# School me about fEARful cabs



## Hollowway (Sep 24, 2016)

I just got a new bass (NG2), and have it tuned to F#. So now I'm thinking about buying a cab for it. I've played a lot of bass in my day, but never really thought much about the amp side of it. Not as much as guitar, anyway. But I've been reading about these fEARful cabs, and while I understand what they do, what I don't understand is:

1) What is the difference between all the different combinations/speakers? Does one combination favor a particular frequency over another? There are SO many different builds, I can't figure out which I'd need/want.
2) I think it's the port that is tuned to the lowest frequency (right?) so what is the purpose of the different numbers and sizes of the speakers used?


----------



## eyeswide (Sep 26, 2016)

1) The purpose is different power output/dimensions. They are intentionally transparent and should not have any favoured frequency

2)See #1

Source: I've built one.


----------



## TemjinStrife (Sep 26, 2016)

Eyeswide has it. The different configurations are for different size speakers (larger = more output) and different shapes (the wider shapes fit better under a wide tube head, for example). I've played a 1515/66 and a 12/6/1. Both were great.

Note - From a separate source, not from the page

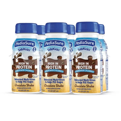 PediaSure SideKicks nutrition shakes have balanced nutrition to help kids catch up on growth. Each protein shake has 10g of protein, 27 essential vitamins & minerals, and 3g of fiber†for kids who may be missing key nutrients. PediaSure is the #1 pediatrician recommended brand. PediaSure SideKicks is available in three delicious, kid-approved flavors: Chocolate, Vanilla, and Strawberry. * Nutrition information sourced from USDA FoodData Central, fdc.nal.usda.gov. Accessed July 25, 2022. †Contains 6g of total fat per serving.

Another possibility, if you don't want to build yourself, is to contact Duke LeJeune of Audiokinesis about his bigger cabs (I think he has one targeted at F#). He builds his own cabs and tends to aim for a slightly different design than the fEarful stuff, of which both are excellent. I went with a small Thunderchild for portability and what felt like a more "refined" sound, and it's amazing. I don't doubt his bigger stuff is as good. Only thing I'm not sure about is Duke's lead time.


----------



## Hollowway (Sep 26, 2016)

Ok, cool. Thanks fellas. I had checked out the Thunderchild, but the specs list -1 dB at 62Hz, and nothing lower, so I wasn't sure how fast it rolled off under that. I know the advantages of having a fundamental sound on the B and F# are limited, but if I'm choosing between the cabs, it's a consideration. The second harmonic of F# is at 46 Hz, anyway.


----------



## TemjinStrife (Sep 26, 2016)

Hollowway said:


> Ok, cool. Thanks fellas. I had checked out the Thunderchild, but the specs list -1 dB at 62Hz, and nothing lower, so I wasn't sure how fast it rolled off under that. I know the advantages of having a fundamental sound on the B and F# are limited, but if I'm choosing between the cabs, it's a consideration. The second harmonic of F# is at 46 Hz, anyway.

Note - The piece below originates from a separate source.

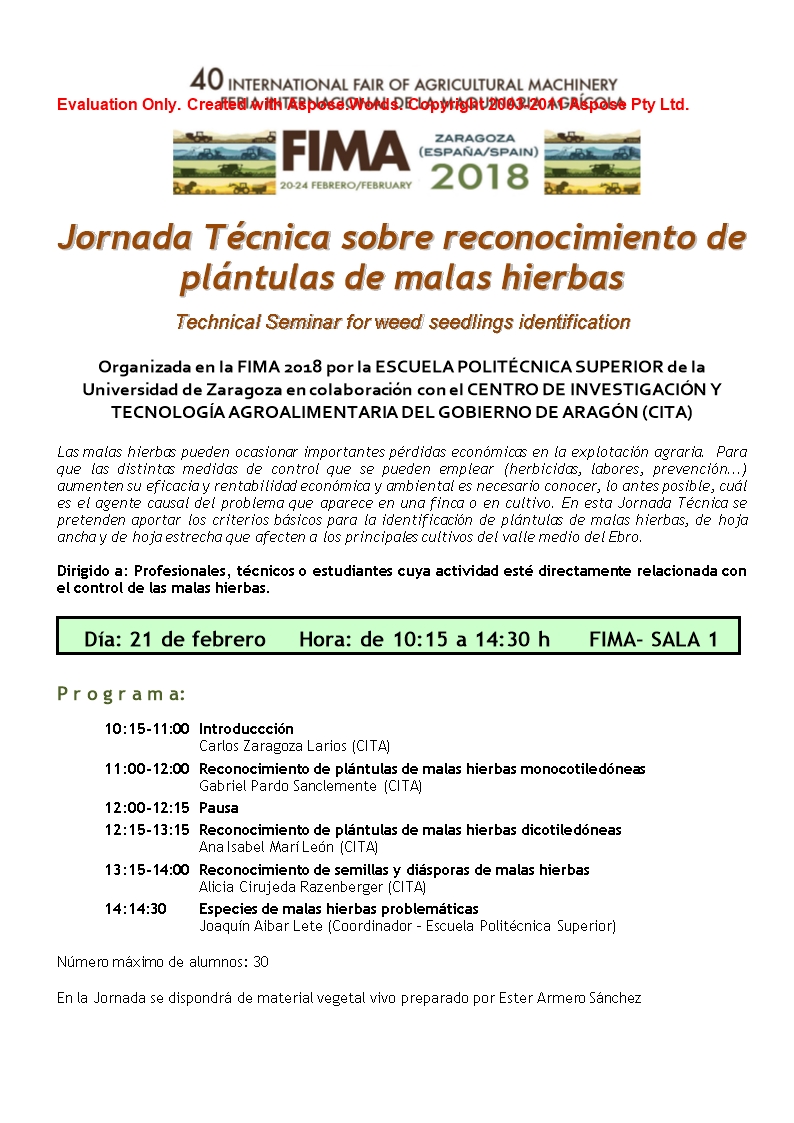 Organizada el miércoles 21 de febrero de 10:15 a 14:30 en la Sala 1 de la FIMA 2018 en Zaragoza por la ESCUELA POLITÉCNICA SUPERIOR de la Universidad de Zaragoza en colaboración con el CITA.

Duke offers plenty of designs other than the Thunderchild 1x12, including IIRC one larger cab optimized for low F# or thereabouts. It's worth contacting him; he's a really nice dude and absolutely knows his stuff.

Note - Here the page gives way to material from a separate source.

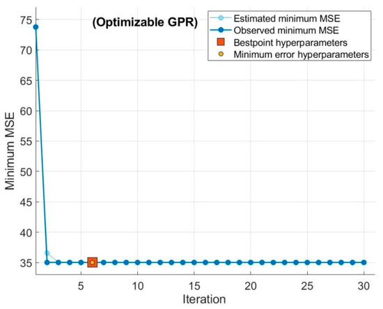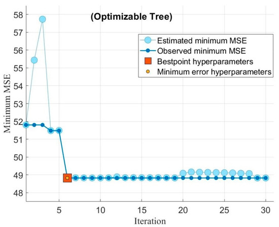 To improve the performance of the existing models, hyperparameter optimization was performed by using Bayesian optimization with the objective of minimizing the cost function of MSE, as shown in Figure 10 and Figure 11. The data set for this experiment is small, so the default number of iterations and time limit is used. The blue line shows the minimum MSE calculated by the optimization process, considering all the hyperparameter values. The dark line represents the observed minimum MSE at a particular time; for instance, at a fifth iteration, the dark line will show the minimum observed MSE in the first five iterations.

There is also a fEARful design that adds low end extension somewhere (I think it's a tweak to the port) but it's been years since I've looked at anything in that realm.


----------



## Hollowway (Sep 26, 2016)

Thanks. I just emailed Duke. And also Greenboy to ask about that tweak on the fEARful design. 

Any advice on a cheap amp to power these? If I'm dropping a grand on the cab, I would prefer not to go hog wild on the amp, but I do want something that will work well with the cab.


----------



## eyeswide (Sep 27, 2016)

Hollowway said:


> Any advice on a cheap amp to power these? If I'm dropping a grand on the cab, I would prefer not to go hog wild on the amp, but I do want something that will work well with the cab.



Your options are wide open. You can go with just a regular power amp if you do all your pre stuff on your pedalboard - I use a Peavey IPR for mine. Or, you can get a regular bass head.

If you want to be super portable, you can go with one of those mini heads.


----------



## Winspear (Sep 27, 2016)

They were designed around that low B which is why the 2nd harmonic is at full volume before the rolloff. I can confirm they are fantastic for E0. Haven't tried any lower.

Crown XLS1500 does me great for guitar and bass. I did find myself wanting a bit more headroom playing bass with a drummer but it was ok. XLS2000 would be fine. I'm running bridged mono into two Fearless F112 (similar to Fearful 12/6/1)


----------



## Hollowway (Sep 27, 2016)

Yeah, I just talked with greenboy support, and they confirmed that there is a fearful mod to the port where you get a lower frequency goose at the expense of the frequencies right above it. I'll probably go with a fearless F112. I'm not 100% sure I want to sacrifice the those frequencies, since I won't be riding that 23 Hz F# all day. Of course, now I want to commission a 40" scale length bass!


----------



## TemjinStrife (Sep 28, 2016)

I run my Thunderchild with a Tone Hammer 500, but that's because my rig needs to be able to fit on the subway. It's loud as hell though, can carry bars by itself, shake houses, and the like. Anything bigger I just run out to the PA.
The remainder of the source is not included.